Developing the comprehensive understanding of the Earth system that will allow enhanced predictive capability relies on close integration of knowledge from multiple disciplines or approaches across the Earth sciences. In addition, many of the important problems in atmospheric chemistry require interdisciplinary solutions. Atmospheric chemists need to engage with scientists from other disciplines to solve problems at these disciplinary interfaces, such as collaborations between chemists and cloud physicists to determine aerosol particle effects on clouds and radiation or chemists and toxicologists to better understand the health impacts of particulate exposure. Interdisciplinary work will be integral in addressing many of the scientific questions related to atmospheric chemistry and climate/weather (see PSA 3), human health (see PSA 4), and exchange between the atmosphere and natural and managed ecosystems (see PSA 5). For example, cooperative efforts will be required between atmospheric chemists and physical and chemical oceanographers as well as ecologists to understand the fluxes and impacts of the air/sea exchange of chemicals.
Atmospheric chemistry should also play important collaborative roles where other disciplines lead. For example, joint studies will be necessary between atmospheric chemists and the health science community to understand the key species that need to be measured and on what time and spatial scales to address the needs of the epidemiology and toxicology communities. Collaborations with specific industries or regional air-quality managers can provide better characterizations of emission fluxes to the atmosphere. To contribute to the solution of problems that span multiple disciplines, atmospheric chemists need to (1) identify the science within atmospheric chemistry required to address a particular problem and (2) build collaborations with the other disciplines whose knowledge is required. Each scientific component required to address the problem needs to have either a disciplinary or cross-disciplinary “home.” A collective assumption that a particular component is handled elsewhere may lead to persistent gaps at critical interfaces. The Committee identifies here the scientific priorities within the field of atmospheric chemistry as well as those related to disciplines with which collaboration is required.

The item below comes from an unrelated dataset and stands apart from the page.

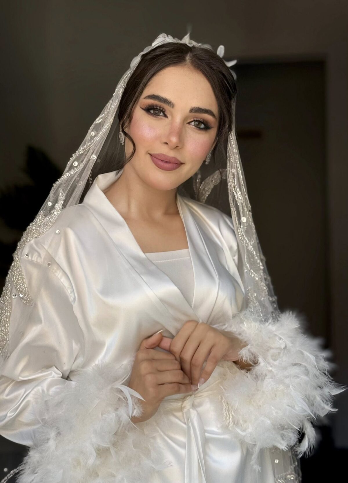 في شغلها مع العرايس، ميرا بتركز على التفاصيل الصغيرة اللي بتفرق كتير. بتختار الألوان اللي تناسب لون البشرة ودرجات الروج والآي شادو اللي يبرزوا جمال العيون من غير ما يكونوا تقيلين. النتيجة دايمًا بتكون لوك راقي وناعم يخلي العروسة مبسوطة وواثقة في أهم يوم في حياتها.

Ultimately, the predictive capabilities developed by the atmospheric chemistry community will be used by others such as economists and social scientists in order to translate the science into policy assessments. Included in this discussion of interdisciplinary work is the need to acknowledge and reward integration within a discipline in addition to obvious cross-disciplinary work. Examples are scales of modeling from process-level to global-level, or connection of laboratory, theory, field, and model studies.
NSF sponsors a broad range of research, including social and behavioral studies that provide potential partnerships with the atmospheric chemistry research community to address environmental degradation and human impacts on community scales. The Committee commends NSF for initiatives that motivate collaboration among disciplines and NSF directorates, such as Science and Technology Centers, and programs such as the Dynamics of Coupled Natural and Human Systems. However, the Committee is concerned that mechanisms to support interdisciplinary work submitted outside such directed and relatively short-term vehicles, which have specific goals and structures, may encounter barriers due to NSF institutional and review structures. There are emerging examples of cross-directorate and interagency investment areas such as the SEES (Science, Engineering and Education for Sustainability) and INFEWS (Innovations at the Nexus of Food, Energy and Water Systems) initiatives. It is noteworthy that the INFEWS initiative “enables interagency cooperation . . . and allows the partner agencies—National Science Foundation (NSF) and the U.S. Department of Agriculture National Institute of Food and Agriculture (USDA/NIFA) and others—to combine resources to identify and fund the most meritorious and highest-impact projects that
support their respective missions, while eliminating duplication of effort and fostering collaboration between agencies and the investigators they support.”10 The Committee encourages exploration of the possibility of such interagency collaborations.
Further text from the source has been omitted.